# [WHAT THE EXERCISE ASKS]
Return only the lines below starting at the line containing "Dampfkessel S 350, fahrbar" and ending at the line containing "Vista parcial de la plaza.", both included, exactly as they are and with no pictures.

# [Records from a data source]
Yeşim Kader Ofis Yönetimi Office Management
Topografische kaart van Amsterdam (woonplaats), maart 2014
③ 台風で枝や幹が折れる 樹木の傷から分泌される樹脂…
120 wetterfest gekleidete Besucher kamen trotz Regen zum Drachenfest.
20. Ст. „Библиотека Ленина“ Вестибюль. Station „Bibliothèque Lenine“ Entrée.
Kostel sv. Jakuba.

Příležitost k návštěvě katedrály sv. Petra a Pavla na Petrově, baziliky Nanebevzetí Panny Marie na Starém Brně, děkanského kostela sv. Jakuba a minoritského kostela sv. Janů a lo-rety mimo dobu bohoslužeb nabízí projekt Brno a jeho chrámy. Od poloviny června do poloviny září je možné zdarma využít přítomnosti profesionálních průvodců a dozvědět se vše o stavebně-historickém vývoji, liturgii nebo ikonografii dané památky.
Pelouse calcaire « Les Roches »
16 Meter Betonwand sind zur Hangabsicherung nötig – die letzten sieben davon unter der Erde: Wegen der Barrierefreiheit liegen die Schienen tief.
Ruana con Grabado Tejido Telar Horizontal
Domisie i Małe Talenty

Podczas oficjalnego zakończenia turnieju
...
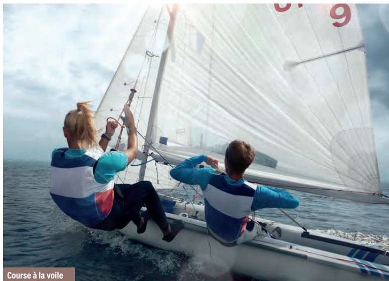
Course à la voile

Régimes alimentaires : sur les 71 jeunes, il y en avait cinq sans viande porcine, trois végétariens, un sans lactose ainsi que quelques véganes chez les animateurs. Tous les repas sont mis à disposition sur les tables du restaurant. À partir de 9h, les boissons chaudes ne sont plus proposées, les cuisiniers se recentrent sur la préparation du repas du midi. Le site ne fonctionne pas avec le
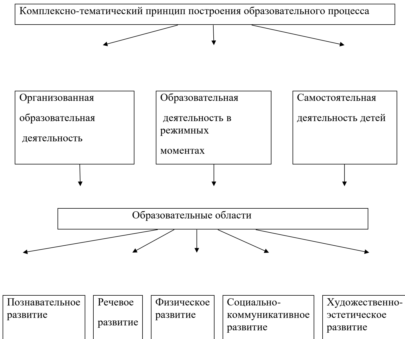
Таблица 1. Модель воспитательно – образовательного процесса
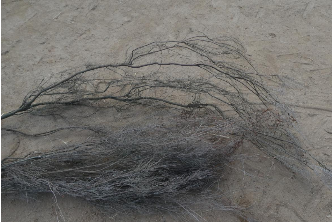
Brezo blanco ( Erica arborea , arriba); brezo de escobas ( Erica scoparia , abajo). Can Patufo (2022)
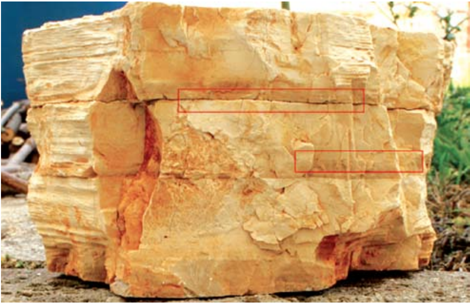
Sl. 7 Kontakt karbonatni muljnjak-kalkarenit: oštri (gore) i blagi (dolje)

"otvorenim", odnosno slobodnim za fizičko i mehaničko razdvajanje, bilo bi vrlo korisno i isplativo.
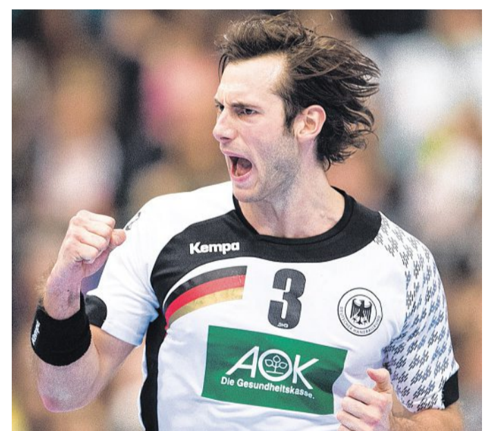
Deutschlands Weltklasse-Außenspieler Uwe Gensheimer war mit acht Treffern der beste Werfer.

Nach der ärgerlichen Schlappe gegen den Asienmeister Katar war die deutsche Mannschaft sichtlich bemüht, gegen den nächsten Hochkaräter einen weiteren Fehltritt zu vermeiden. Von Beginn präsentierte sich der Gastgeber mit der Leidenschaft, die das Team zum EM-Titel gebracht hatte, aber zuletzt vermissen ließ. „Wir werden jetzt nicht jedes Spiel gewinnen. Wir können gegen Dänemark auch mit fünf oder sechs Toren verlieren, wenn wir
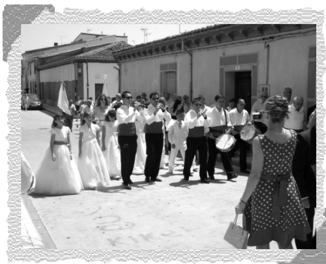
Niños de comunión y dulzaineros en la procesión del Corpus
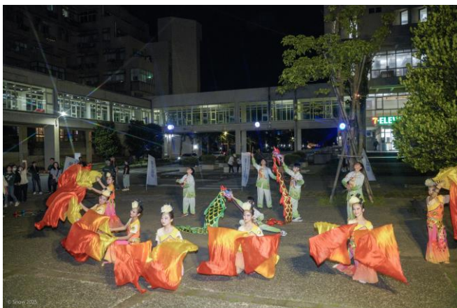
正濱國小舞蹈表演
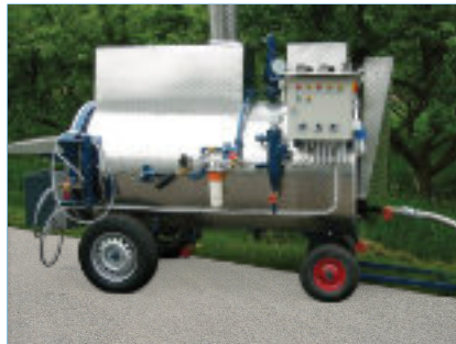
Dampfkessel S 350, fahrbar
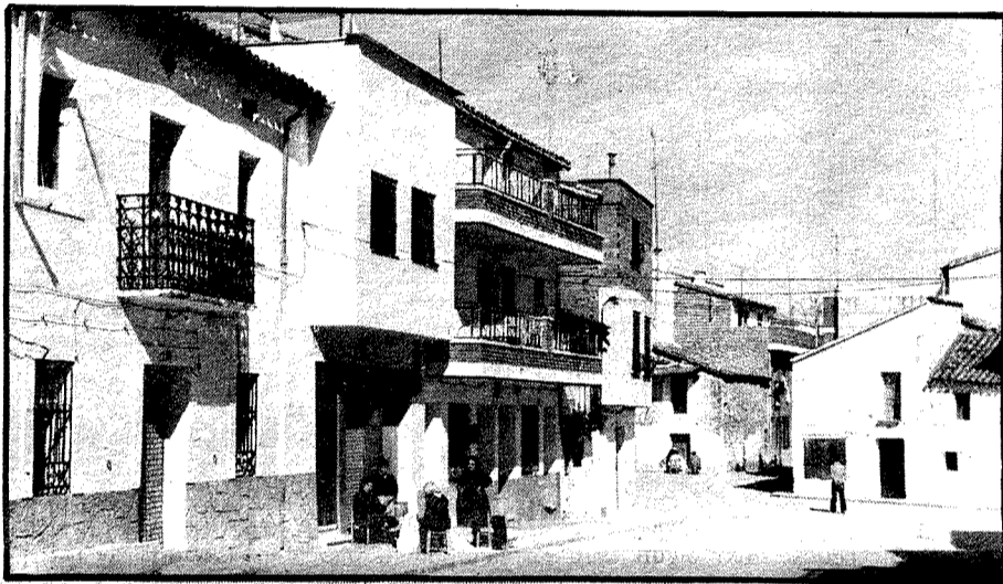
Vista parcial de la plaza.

# [REPLY]
Dampfkessel S 350, fahrbar
Vista parcial de la plaza.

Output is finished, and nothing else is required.